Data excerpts
[Start of section]
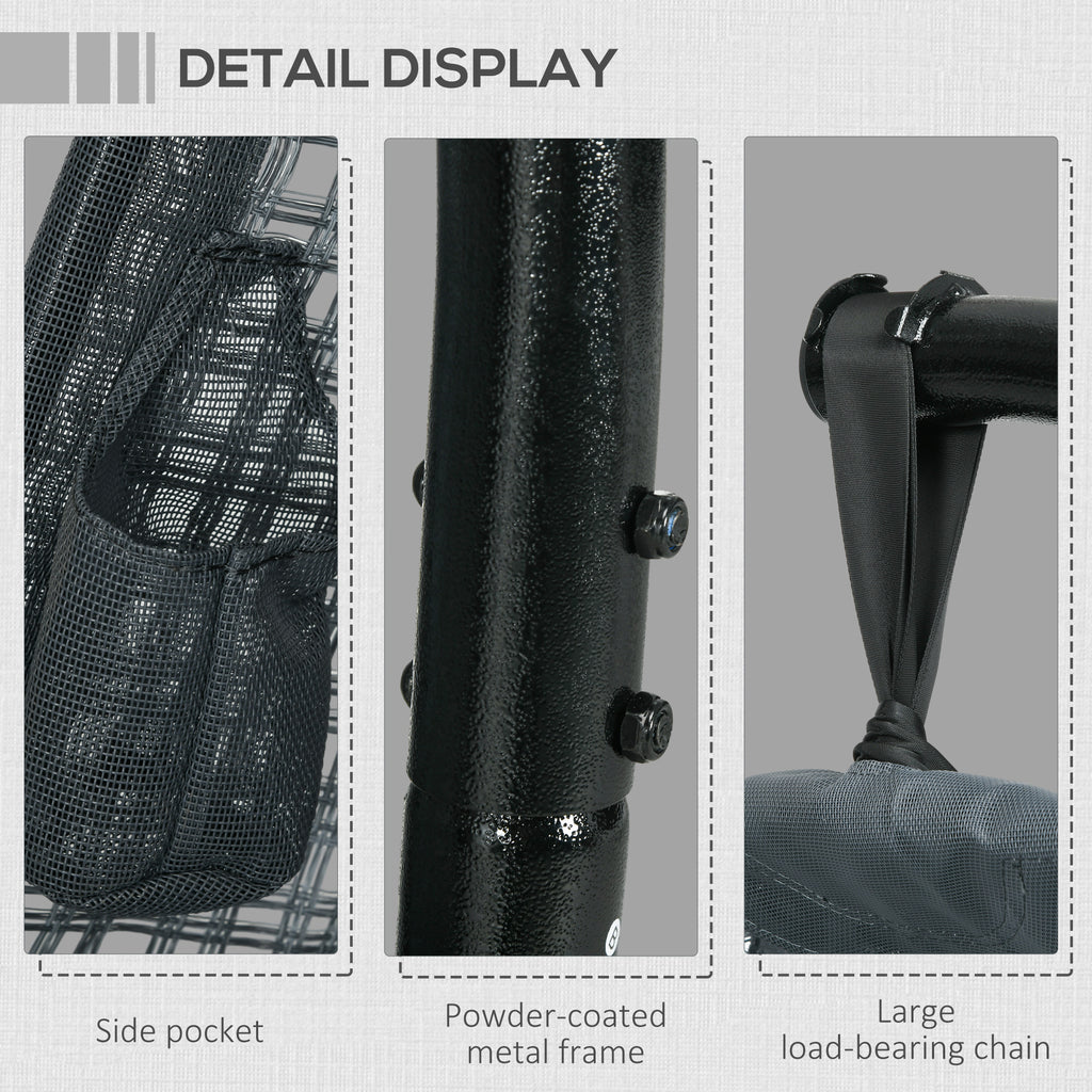 Make the most of your lazy days with this hanging egg chair from Outsunny. The curved back, spacious seat and thick padded cushion offer a comfortable sitting experience. The hanging stand made of steel frame which can solidly hold up to 120kg, giving you complete peace of mind when sitting on it. Easy to store with a foldable seating basket, space-saving and convenient. Infuse elegance into your indoor and outdoor spaces effortlessly with our hanging garden chair.
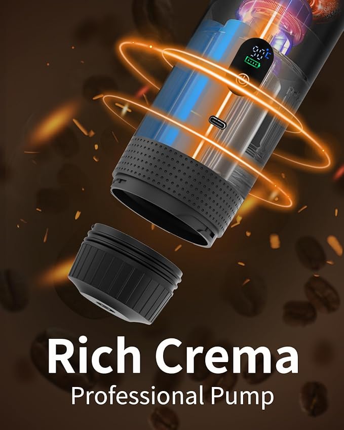 - Fast Self-Heating & Rich Crema: In just 3-5 minutes, the self-heating system heats 2.7oz of water from 76°F to 187°F, while the 20-bar pressure ensures smooth espresso extraction with a rich, velvety crema. Get professional-quality results in no time! 20 Bar Mini Small 5V Car Coffee Maker for Travel Camping
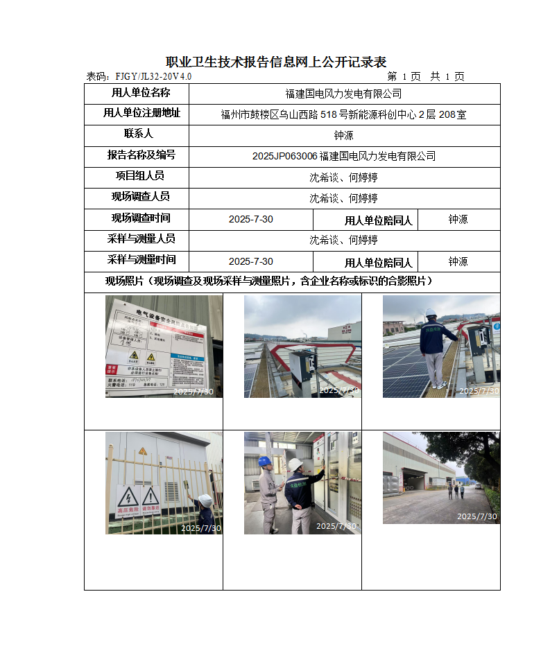 福建国电风力发电有限公司-2025年工作场所职业病危害因素检测
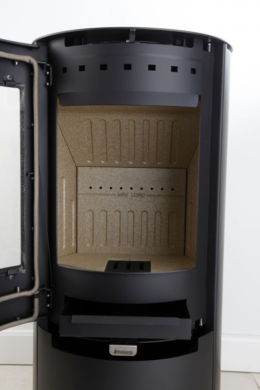 Skvost z dílny dánských vývojářů krbových kamen Aduro - kulatá konvekční krbová kamna Aduro 9 se spodní zásuvkou, mají na obou stranách spalovací komory velké prosklené otvory, které zajišťují maximální možnost pohledu na krásnou hru plamenů doslova ze všech stran. Oba boční skleněné průzory jsou opatřeny svým vlastním oplachem skla sekundárním přívodem vzduchu (sklo dvířek samozřejmě také), které zajišťují maximální možnou čistotu skel a jsou podle potřeby regulovatelné. Kamna dále přisávají primární vzduch (pod rošt - pomáhá rychlejšímu zahoření paliva k eliminaci výkyvu výkonu) a terciální vzduch (přívod předehřátého vzduchu přímo do plynů vycházejících z plamenů, což zajistí shoření plynů a vyšší účinnost kamen). Krbová kamna obsahují regulátor Aduro-tronic, systém regulace, který za Vás reguluje přisávání primárního vzduchu a zajišťuje optimální množství přívodu vzduchu a ideální proces spalování.
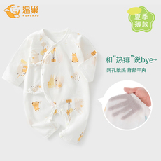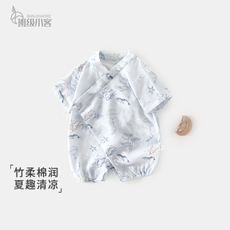 日本新生婴儿夏季连体哈衣薄款空调夏装满月蝴蝶衣初生宝宝和尚服
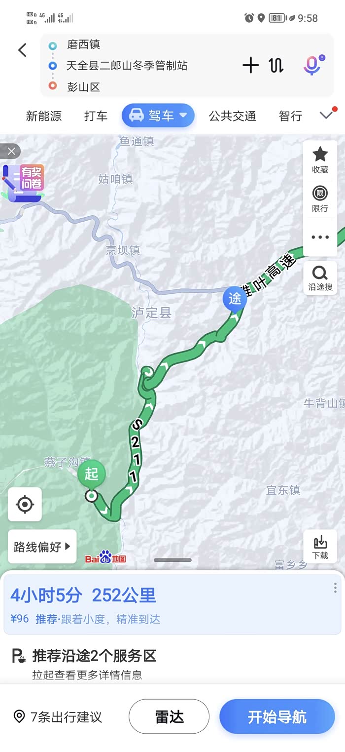 我们没有走常规路线经过泸定县上高速,我们翻越了二郎山,因为还想在山上找一条溪流,感受一下20℃的夏天,再回归40℃的家
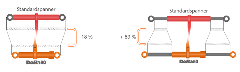 Der DoRa-Spanner verfügt ebenso über eine spezielle, gewindeschonende Ausdrehsicherung und ist reparabel. Der inzwischen patentierte DoRa80 kann als Spannelement für 10-8er-Zurrketten (Kettennenndicke 10 mm, Güteklasse 8, LC 6 300 daN) und 10-10er (Kettennenndicke 10 mm, Güteklasse 10, LC 8 000 daN) eingesetzt werden. Weitere Varianten bis LC 16 000 daN – dann auch kombinierbar mit der textilen Kette DoNova PowerLash – sollen folgen. t
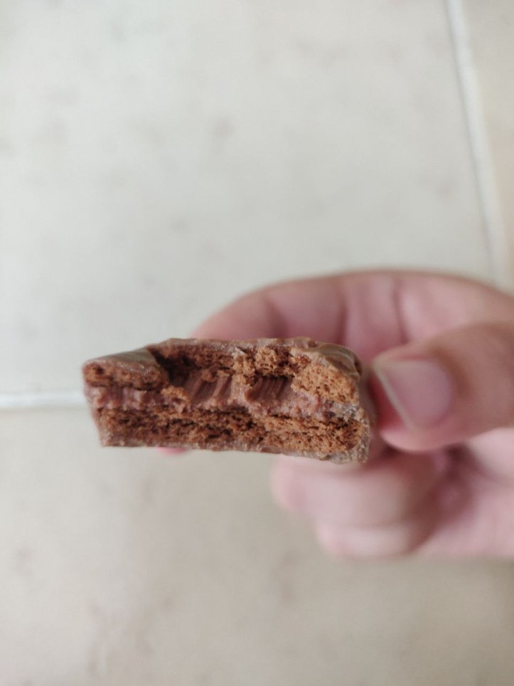 It has two crispy biscuits, wrapping a smooth hazelnut cream and is coated with a layer of chocolate. This product does sound familiar to Tim Tam but tastes very different as the texture of the biscuits are on the crispier, wafer-y side. If you are a nut lover, this cream filling makes this chocolate-coated biscuit such a treat!
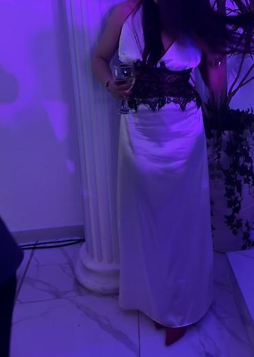 Elegantna duga haljina od satena sa čipkanim korsetom
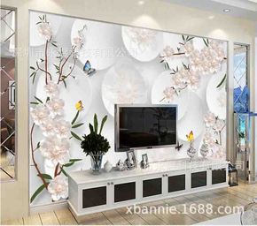 3d立体现代简约蒲公英壁画5d客厅沙发电视背景墙壁...
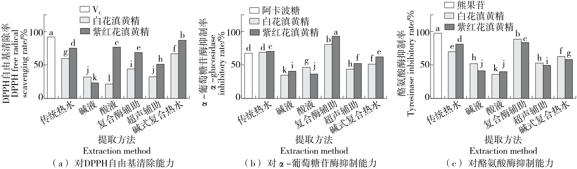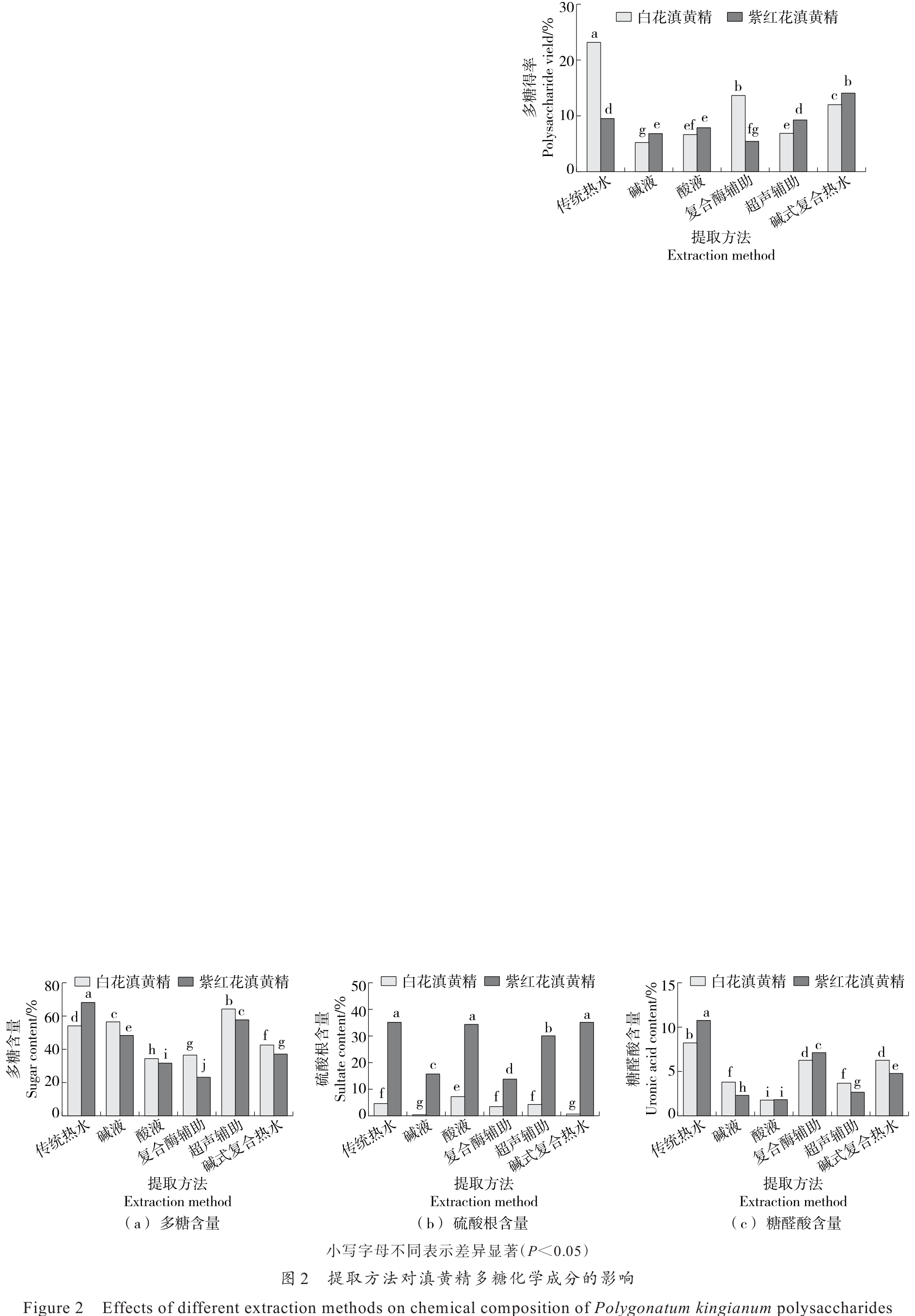 摘要:目的 探讨提取方法对白花和紫红花滇黄精多糖的化学组成及其功能特性的影响。方法 采用传统热水法、碱液法、酸液法、复合酶辅助法、超声辅助法和碱式复合热水法提取多糖,并测定所得多糖的得率、总糖、硫酸根、糖醛酸、DPPH自由基清除能力、α-葡萄糖苷酶抑制能力及酪氨酸酶抑制活性的变化情况。结果 滇黄精多糖的得率及其化学组成成分受提取方法和品种的影响显著。其中,采用传统热水法提取的白花和紫红花滇黄精多糖的得率分别为23.27%和9.58%,总糖含量分别为54.53%和68.59%,硫酸根含量分别为7.28%和35.41%,糖醛酸含量分别为8.26%和10.84%,均表现出较高的水平。此外,滇黄精多糖的DPPH自由基清除能力、α-葡萄糖苷酶抑制能力及酪氨酸酶抑制活性也受到提取方法和品种的影响。通过综合量化评价得出,紫红花滇黄精在这3项功能特性上表现更为优越,复合酶辅助法和传统热水法可作为生产优质滇黄精多糖的有效提取方法。结论 复合酶辅助法和传统热水法是提取滇黄精多糖的最佳方法。
[End of section]
=== HOW TO COMPLETE THIS TASK ===
Repeat every entry exactly, but leave out the pictures.

=== EXERCISE SOLUTION ===
 Make the most of your lazy days with this hanging egg chair from Outsunny. The curved back, spacious seat and thick padded cushion offer a comfortable sitting experience. The hanging stand made of steel frame which can solidly hold up to 120kg, giving you complete peace of mind when sitting on it. Easy to store with a foldable seating basket, space-saving and convenient. Infuse elegance into your indoor and outdoor spaces effortlessly with our hanging garden chair.
 - Fast Self-Heating & Rich Crema: In just 3-5 minutes, the self-heating system heats 2.7oz of water from 76°F to 187°F, while the 20-bar pressure ensures smooth espresso extraction with a rich, velvety crema. Get professional-quality results in no time! 20 Bar Mini Small 5V Car Coffee Maker for Travel Camping
 福建国电风力发电有限公司-2025年工作场所职业病危害因素检测
 Skvost z dílny dánských vývojářů krbových kamen Aduro - kulatá konvekční krbová kamna Aduro 9 se spodní zásuvkou, mají na obou stranách spalovací komory velké prosklené otvory, které zajišťují maximální možnost pohledu na krásnou hru plamenů doslova ze všech stran. Oba boční skleněné průzory jsou opatřeny svým vlastním oplachem skla sekundárním přívodem vzduchu (sklo dvířek samozřejmě také), které zajišťují maximální možnou čistotu skel a jsou podle potřeby regulovatelné. Kamna dále přisávají primární vzduch (pod rošt - pomáhá rychlejšímu zahoření paliva k eliminaci výkyvu výkonu) a terciální vzduch (přívod předehřátého vzduchu přímo do plynů vycházejících z plamenů, což zajistí shoření plynů a vyšší účinnost kamen). Krbová kamna obsahují regulátor Aduro-tronic, systém regulace, který za Vás reguluje přisávání primárního vzduchu a zajišťuje optimální množství přívodu vzduchu a ideální proces spalování.
 日本新生婴儿夏季连体哈衣薄款空调夏装满月蝴蝶衣初生宝宝和尚服
 我们没有走常规路线经过泸定县上高速,我们翻越了二郎山,因为还想在山上找一条溪流,感受一下20℃的夏天,再回归40℃的家
 Der DoRa-Spanner verfügt ebenso über eine spezielle, gewindeschonende Ausdrehsicherung und ist reparabel. Der inzwischen patentierte DoRa80 kann als Spannelement für 10-8er-Zurrketten (Kettennenndicke 10 mm, Güteklasse 8, LC 6 300 daN) und 10-10er (Kettennenndicke 10 mm, Güteklasse 10, LC 8 000 daN) eingesetzt werden. Weitere Varianten bis LC 16 000 daN – dann auch kombinierbar mit der textilen Kette DoNova PowerLash – sollen folgen. t
 It has two crispy biscuits, wrapping a smooth hazelnut cream and is coated with a layer of chocolate. This product does sound familiar to Tim Tam but tastes very different as the texture of the biscuits are on the crispier, wafer-y side. If you are a nut lover, this cream filling makes this chocolate-coated biscuit such a treat!
 Elegantna duga haljina od satena sa čipkanim korsetom
 3d立体现代简约蒲公英壁画5d客厅沙发电视背景墙壁...
 摘要:目的 探讨提取方法对白花和紫红花滇黄精多糖的化学组成及其功能特性的影响。方法 采用传统热水法、碱液法、酸液法、复合酶辅助法、超声辅助法和碱式复合热水法提取多糖,并测定所得多糖的得率、总糖、硫酸根、糖醛酸、DPPH自由基清除能力、α-葡萄糖苷酶抑制能力及酪氨酸酶抑制活性的变化情况。结果 滇黄精多糖的得率及其化学组成成分受提取方法和品种的影响显著。其中,采用传统热水法提取的白花和紫红花滇黄精多糖的得率分别为23.27%和9.58%,总糖含量分别为54.53%和68.59%,硫酸根含量分别为7.28%和35.41%,糖醛酸含量分别为8.26%和10.84%,均表现出较高的水平。此外,滇黄精多糖的DPPH自由基清除能力、α-葡萄糖苷酶抑制能力及酪氨酸酶抑制活性也受到提取方法和品种的影响。通过综合量化评价得出,紫红花滇黄精在这3项功能特性上表现更为优越,复合酶辅助法和传统热水法可作为生产优质滇黄精多糖的有效提取方法。结论 复合酶辅助法和传统热水法是提取滇黄精多糖的最佳方法。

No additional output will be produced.